Wales led 10-3 at the break thanks to winger Cuthbert’s superb individual try but France remained firmly in the game with two Welsh penalties hitting the woodwork.
And Philippe Saint-Andre’s side emerged in the second half determined to rain on Wales’ parade.
A penalty from Dimitri Yachvili, his second of the match, and Lionel Beauxis ensured they stayed in touch but a pair of kicks from Leigh Halfpenny combined with some tremendous defence ensured Wales won their third Grand Slam in eight years.
The game was preceded by an emotional minute’s silence in tribute to former Wales Grand Slam winning captain Mervyn Davies, who died on Thursday, as well as Jock Hobbs, the ex-All Blacks skipper.
But a combination of nerves and the slippery conditions with the open roof at the Millennium Stadium meant both sides struggled to settle into a meaningful rhythm.
It was the visitors who drew first blood on ten minutes when Gethin Jenkins was penalised for interrupting a French maul and Yachvili slotted the three points.
Wales were struggling to make inroads into a teak-tough French defence but when they failed to roll away from a penalty on 15 minutes, Rhys Priestland stepped up to the tee only to send his kick against the upright.
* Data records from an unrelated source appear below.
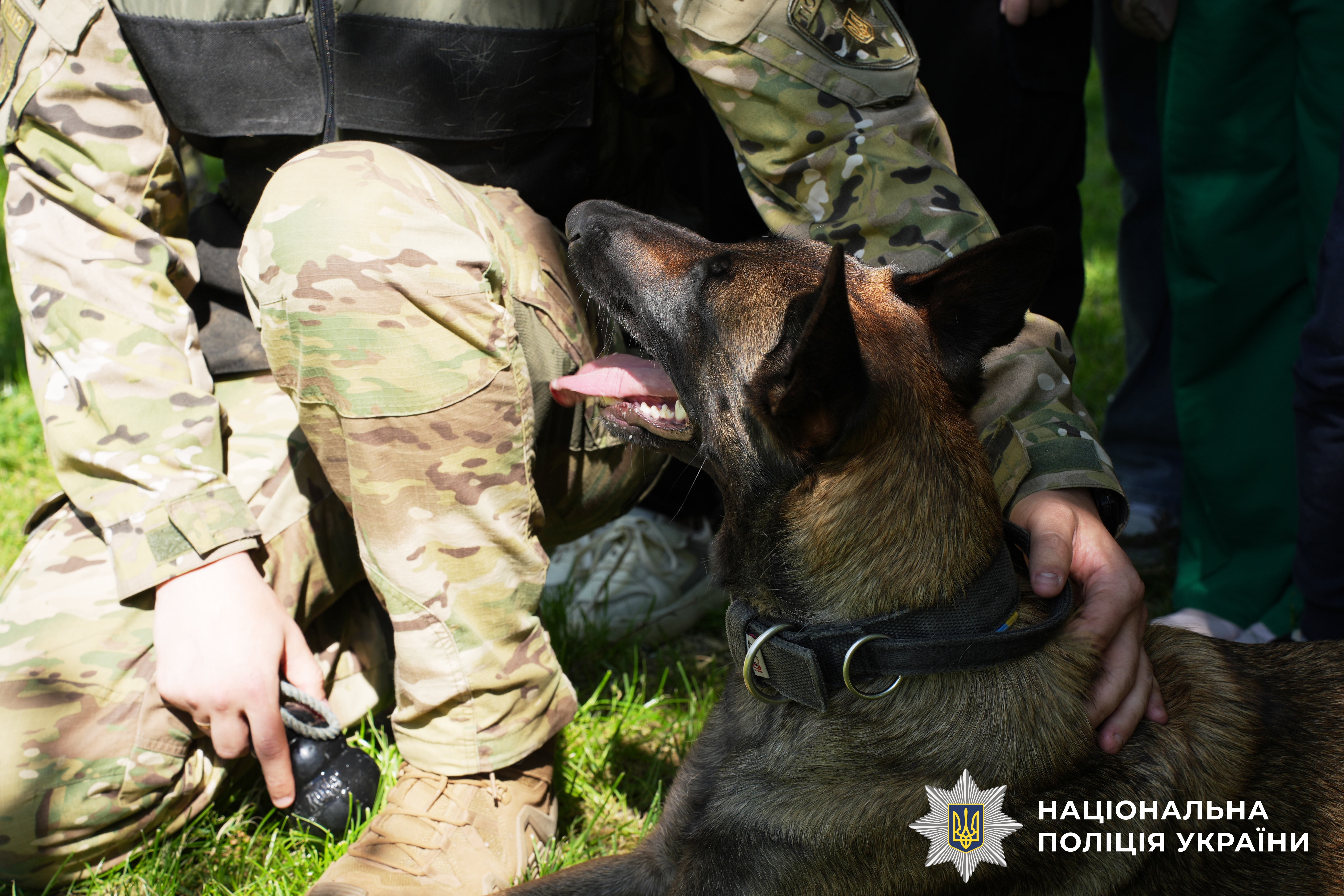 Особливо цікавим для діток стало показове заняття кінологів із службовими собаками. Найсміливіші навіть спробували з ними виконати декілька вправ.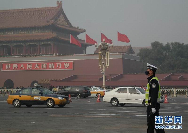11月2日,一名交警戴着口罩在天安门广场执勤。当日,北京笼罩在雾霾中。当日14时,北京市环保监测中心的实时发布平台显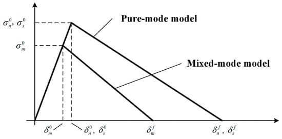 The cohesive zone model is based on the relationship between stresses and relative displacements (in tension, shear or tearing) that connect paired nodes of the cohesive elements to simulate the elastic behavior up to the cohesive strength ( in tension, in shear or in tearing) and subsequent softening to model the degradation of material properties up to failure. The triangular law (Figure 7) assumes an initial linear elastic behavior followed by linear degradation. Elasticity is defined by a constitutive matrix (K) containing the stiffness parameters and related stresses and strains across the interface: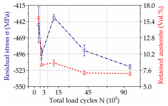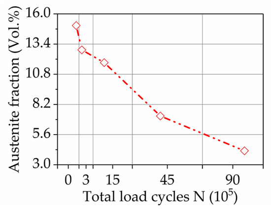 The coercive magnetic fields Hcm and Phicm acquired by Barkhausen noise analysis (Figure 12b) show high sensitivity to the development of the residual stresses and correlates with the amount of retained austenite (Figure 11). The sudden drop of the coercive magnetic field after 3·× 105 cycles follows the general trend of coercivity presented in Figure 12a, mainly caused by cracks formation and austenite transformation. By following wear conditions, a further decrease of the retained austenite and of the compressive residual stresses occurs, leading, according to References [26,27,28,29], to increasing of the coercive field force Hcm and Phicm. The further decrease of both parameters indicates the strong concurrent influence of crack formation, as it was detected by coercive field force Hcµ.

But eventually the pressure told on France. Captain Thierry Dusautoir was clattered by Dan Lydiate and in a flash Alun Wyn Jones was able to turn the ball over and Cuthbert picked a tremendous angle to sorch past William Servat and leave full-back Clement Poitrenaud flat footed for the game’s opening try.
Halfpenny converted and added a penalty on 32 minutes after some superb work from Jonathan Davies in scragging Alexis Palisson.
The remainder of the half was dominated by the hosts and Jamie Roberts belied his reputation as a battering ram with a delicate chip and gather but Wales could not pierce a stretched French defence.
In their desperation, Yachvili conceded a penalty but Halfpenny’s kick hit the posts to leave the score at 10-3 to the hosts.
Warren Gatland was forced into a reshuffle at halftime when captain Sam Warburton could not continue with a shoulder injury so Ryan Jones entered the fray.
But it was another replacement, debutant Jean-Marcellin Buttin, who had made the first decisive intervention of the second half when he attacked down the left and chipped ahead and forcing Jenkins to stray offside.
Beauxis’ penalty made it a four-point game although the French fly-half was off target with a drop goal shortly afterwards as the visitors showed far more attacking intent than they did in the first half.
And it was while Wales were defending that they forced a penalty out for not releasing and Halfpenny landed a monster kick from just inside his own half.
But life continued to be uncomfortable for the majority inside the Millennium Stadium as Lydiate only just hauled down the lively Buttin who had caught Wales napping from Beauxis’ crossfield kick.
Some more desperate defence – led by the tireless Lydiate – again kept France out after an up-and-under caused panic in the Welsh 22.
The concession of a penalty at a scrum allowed Yachvili to make it 13-9 but almost immediately replacement Francois Trinh-Duc gave away a penalty after throwing the ball away after being forced into touch.
Halfpenny held his nerve to restore the seven-point cushion with four minutes remaining and they showed some great game management to prevent France threatening again.